[[ Available data, beginning ]]

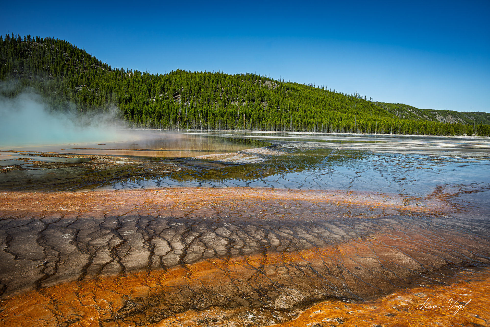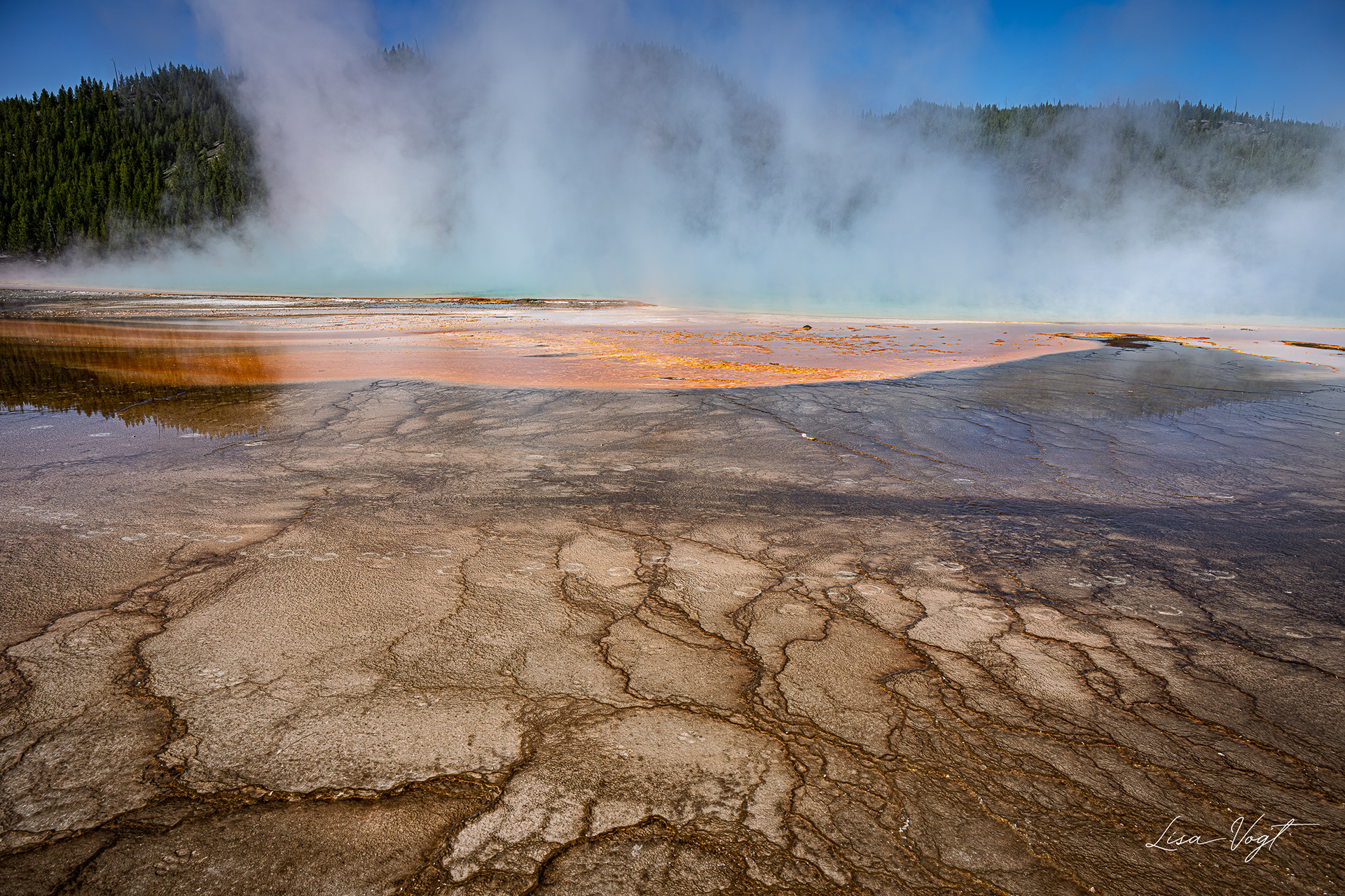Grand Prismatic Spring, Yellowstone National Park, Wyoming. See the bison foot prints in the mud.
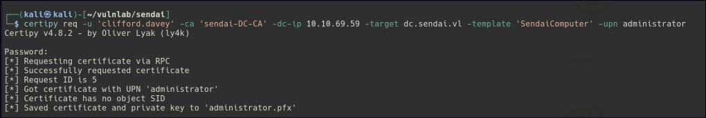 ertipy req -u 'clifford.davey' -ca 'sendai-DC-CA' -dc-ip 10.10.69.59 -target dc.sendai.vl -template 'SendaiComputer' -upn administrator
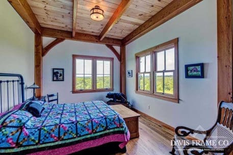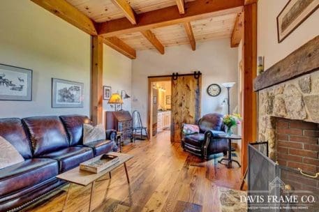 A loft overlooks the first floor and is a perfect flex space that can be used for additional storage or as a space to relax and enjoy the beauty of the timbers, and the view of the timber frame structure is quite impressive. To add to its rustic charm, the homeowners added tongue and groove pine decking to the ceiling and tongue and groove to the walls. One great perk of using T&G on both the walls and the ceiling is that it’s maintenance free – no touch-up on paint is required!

[[ Available data, end ]]

● **What the task asks**
Exactly as written, restate the listing above with its pictures omitted.

● **Solution**
Grand Prismatic Spring, Yellowstone National Park, Wyoming. See the bison foot prints in the mud.
 ertipy req -u 'clifford.davey' -ca 'sendai-DC-CA' -dc-ip 10.10.69.59 -target dc.sendai.vl -template 'SendaiComputer' -upn administrator
 A loft overlooks the first floor and is a perfect flex space that can be used for additional storage or as a space to relax and enjoy the beauty of the timbers, and the view of the timber frame structure is quite impressive. To add to its rustic charm, the homeowners added tongue and groove pine decking to the ceiling and tongue and groove to the walls. One great perk of using T&G on both the walls and the ceiling is that it’s maintenance free – no touch-up on paint is required!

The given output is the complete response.